Trixy: presumably dear old Gerald Arthur will never read these lines – it sounds to me, and squares with all one has gathered since, and G.A. himself wouldn’t, I'm sure, mind my saying so, as if she [Trixy] was pretty sick of Charlie [Millar] by this time. Guy evidently had no opinion of C. the more so since he (Guy) was apparently being called on to contribute financially towards the launching of his nephew and namesake Guy Millar on a Naval career. To his mother he was clearly devoted, and with no thoughts then of getting married himself, he adverts more than once to the idea of a home with her in the country, to which his sisters and brother and their children, but not their husbands or wife (if Gerald should marry Miss Beaumont, who looks "most allurin'" in the photographs) could be invited from time to time.
The impression one gets of Guy du M. himself is of a regular soldier more or less reconciled to his lot, but with a shade too much temperament to be altogether contented ln a rather hide-bound profession. Temperament -- what a sod it, unless the possessor of it is in a walk of life where it can be made capital of! It rears its head rather particularly in his caustic remarks about generals and peace-time army life, but such feelings are usual enough towards the end of a campaign. If his own account is to be trusted, he was not a man to suffer gladly those set in authority over him; a trait which recurred in more than one of his nephews [i.e. Jack] (including occasionally even a mere amateur soldier like the writer of these lines). Guy never became a general himself, but was to die twelve years later in Flanders in command of a battalion of his regiment. I fancy he was then due to get command of a brigade at any moment.

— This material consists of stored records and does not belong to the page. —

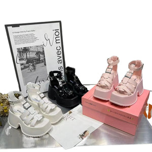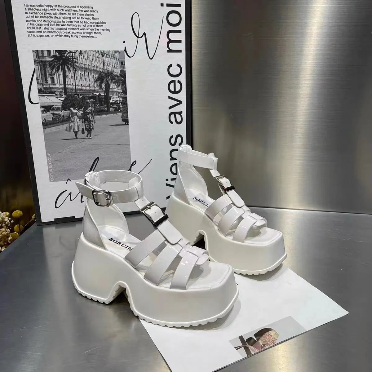 Brand New Design Goth Summer Sandals Women Platform Chunky High Heels Female Shoes Punk Thin Band 2023 Fashion Shoes For Woman
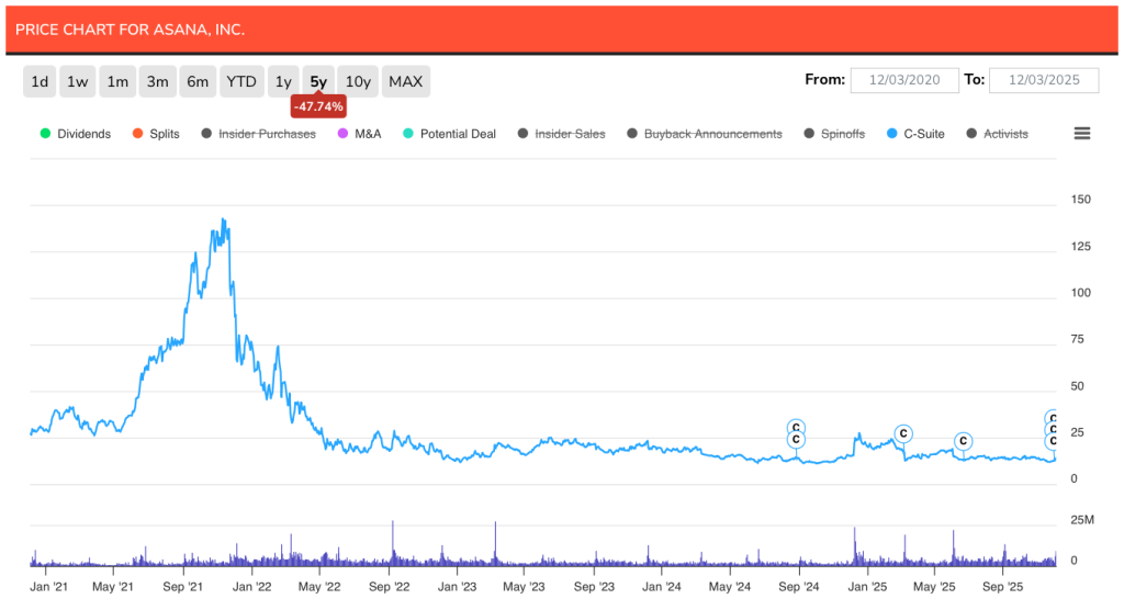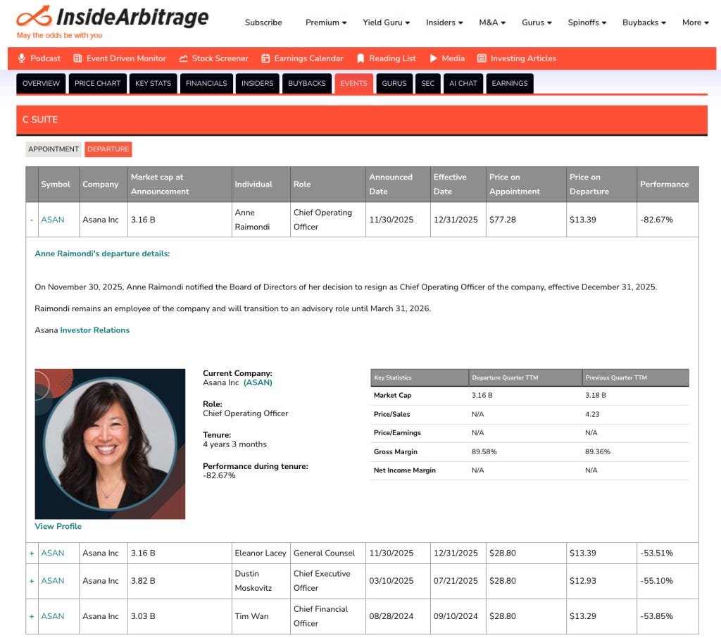 The management changes at Asana started with the appointment of new CFO Sonalee Parekh, which we covered in an article titled Asana: All Pain, No Gains in September 2024. This was followed by a string of additional C-Suite departures, including founder and CEO Dustin Moskovitz stepping down in July 2025 and two additional departures this week by their General Counsel Eleanor Lacey as well as their COO Anne Raimondi.
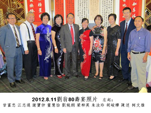 2012.8.11劉翁80壽宴照片 左起: 甘富忠 江志遠 謝寶仲董慧怡 劉姚朗 梁柳英 朱汝玲 胡峻樺 陳述 柯文雄
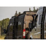 Our brand new RAM Promaster ladder bolts directly to our new DRIFTR series roof rack. Our ladder has steps that are deeper and flatter than anything on the market, giving you the ability to walk on up and down the ladder barefoot without killing your feet. We also have special notches on the end of each step for extra traction in muddy or wet conditions.
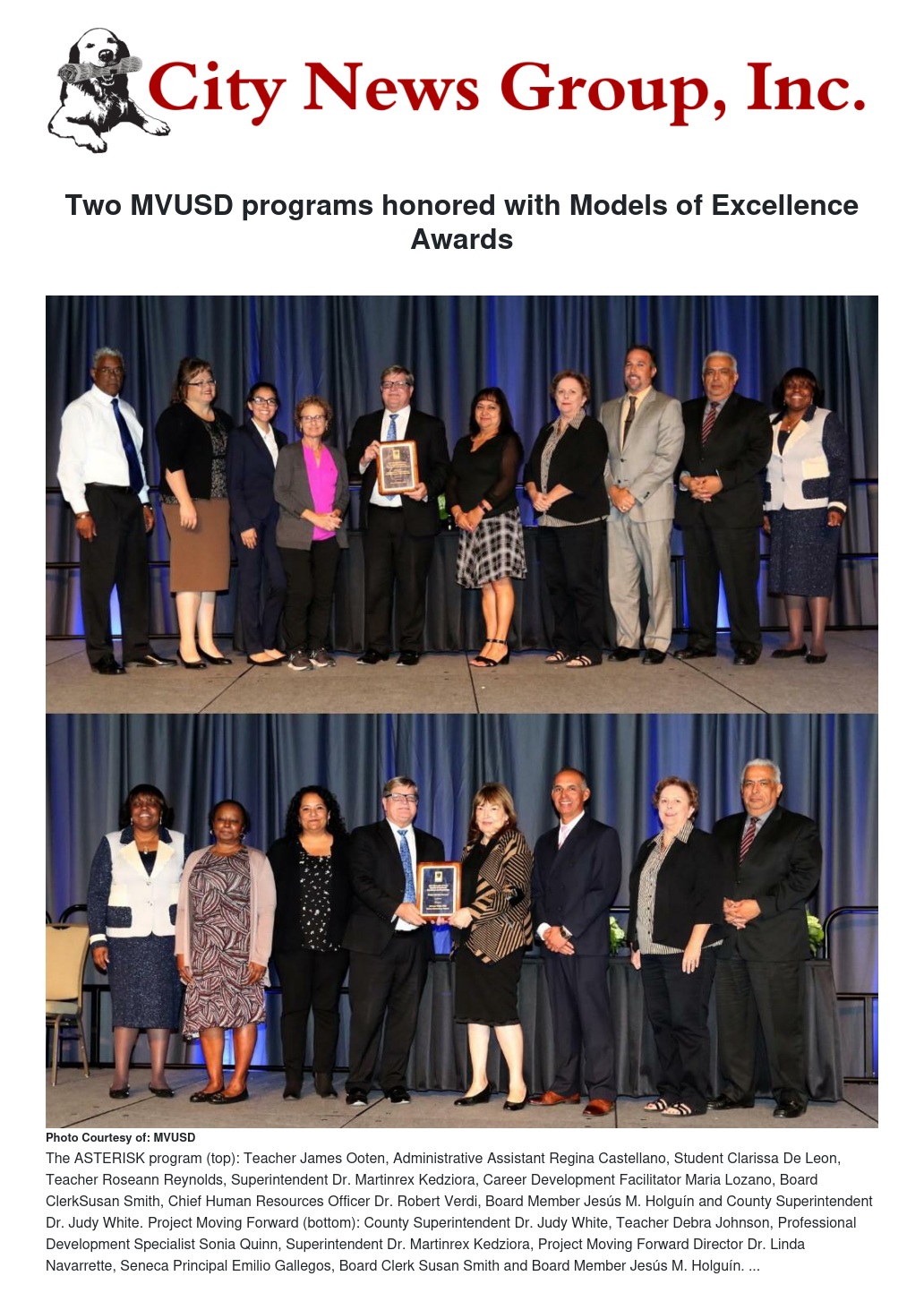 Two MVUSD programs honored with Models of Excellence Awards by Ariel Dun - City News Group, Inc.
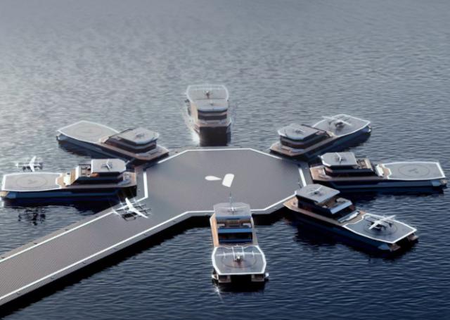 该机场专为eVTOL航空器设计,采用纯电驱动,其宽大的甲板作为起降平台,上面铺设了光伏板,船舱则作为候机厅与机务室。它不仅能满足eVTOL起降及充电需求,还能与eVTOL共享数据,实现智能协同。
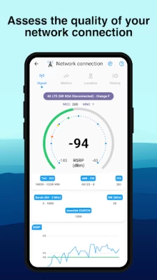 • Measure the quality of your network (cellular and Wi-Fi) signal to evaluate how good are your network connections. Generally speaking, you want a stronger network signal because it results in faster connection speeds and better service quality.
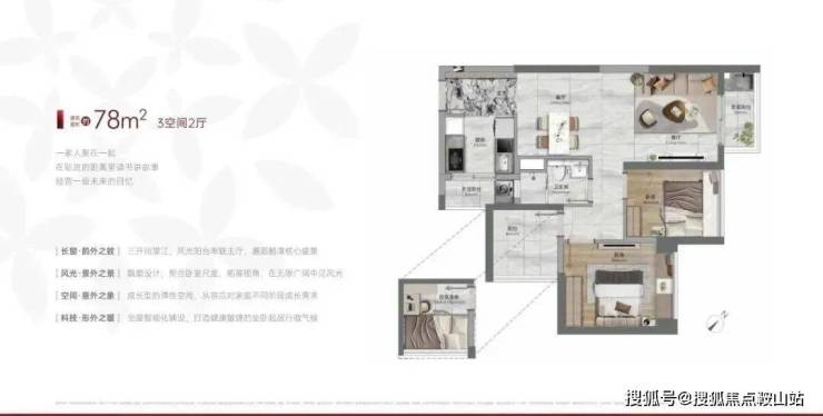 建面76-78平三房一卫,三开间望江,私密入户玄关,带生活阳台,主卧次卧都可望江,总价280万起!
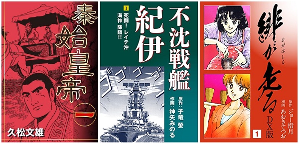 今回キャンペーン対象となるタイトルは、2018年4月の【コミック】ジャンルの電子書籍ダウンロード数ランキング(集計対象ストア:Kindleストア、楽天Kobo電子書籍ストア、Google Play、iBooks、Yahoo!ブックストア、SONY Reader Store)で1位に輝いた『秦始皇帝』(久松文雄=作画、久保田千太郎=原作)、2位の『不沈戦艦紀伊 コミック版』(神矢みのる=作画、子竜螢=原作)、3位の『緋が走る DX版』(あおきてつお=作画、ジョー指月=原作)の計3作品です。
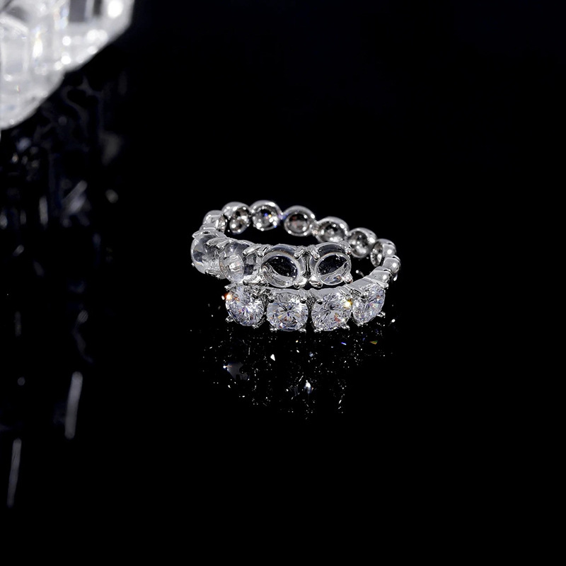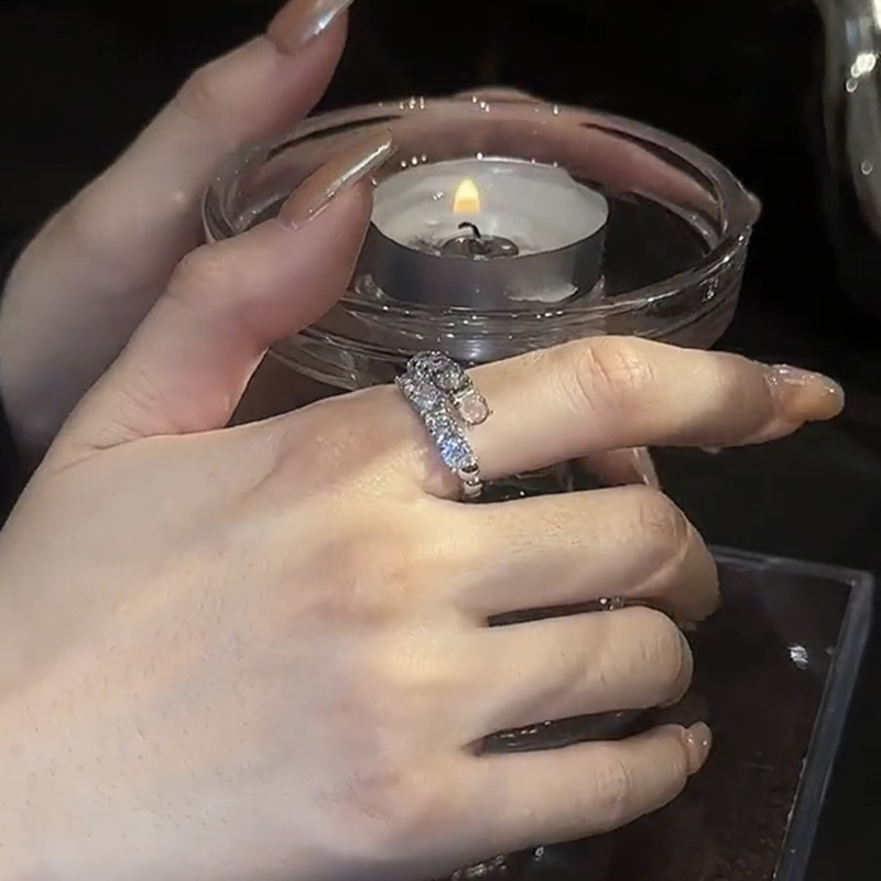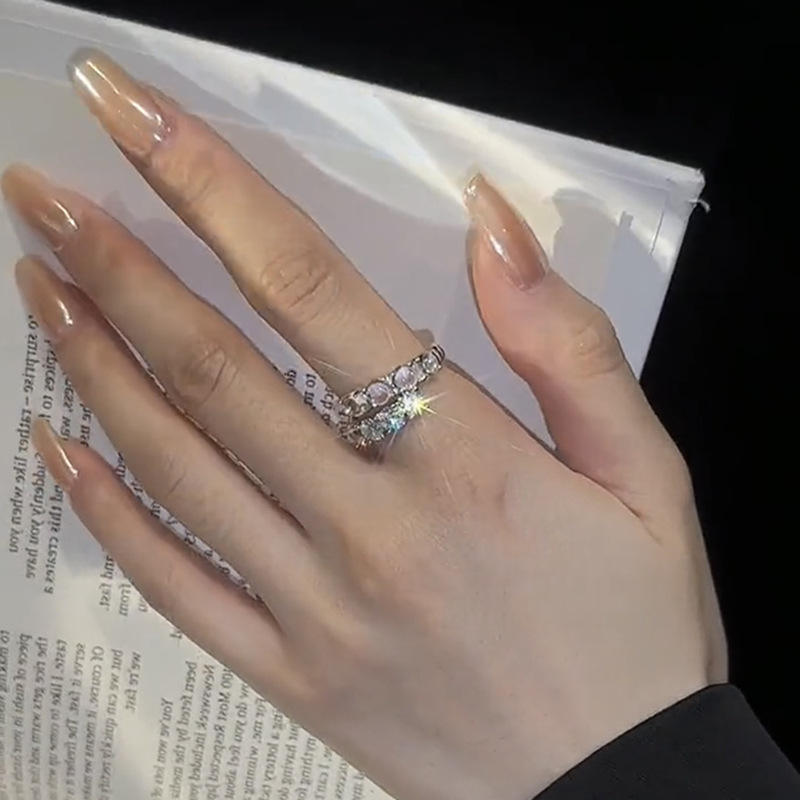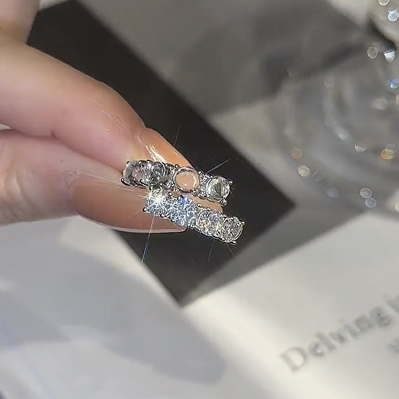 银色微镶锆石水晶开口戒指气质时尚双层百搭时尚戒指开口可调节

As we shall see, S.Ll.D. in her last "will" expressed the wish that he should share in the guardianship and trusteeship of her five boys. He never actively did, partly through serving abroad again (S. Africa, Crete and India) from 1910 to 1914. But I think it is clear that, if he had lived, his presence in the background of our lives would have benefitted us not inconsiderably.
Attractive as are the suggestions he throws out in these letters of selling old Susan Caught's house and buying with the proceeds a Kentish farm where there would be horses and lessons in equitation tor all or us, the delights of Ramsgate linger so vividly in all my childish memories that I for one cannot regret Emma du M's decision to stick to dear old 16 Royal Crescent after all. I wonder if S.Ll.D. had anything to do with that decision? More than likely, with all five of us still then in the sand-digging and donkey-riding stage.
And so back to the main thread of the record, if it has such a thing, with Guy du M. home on leave and Gerald married to the allurin' Miss Beaumont -- it would be some years yet before Guy himself belied his own prophecies by marrying Gwen Price, who still survives, a widow these thirty years and more.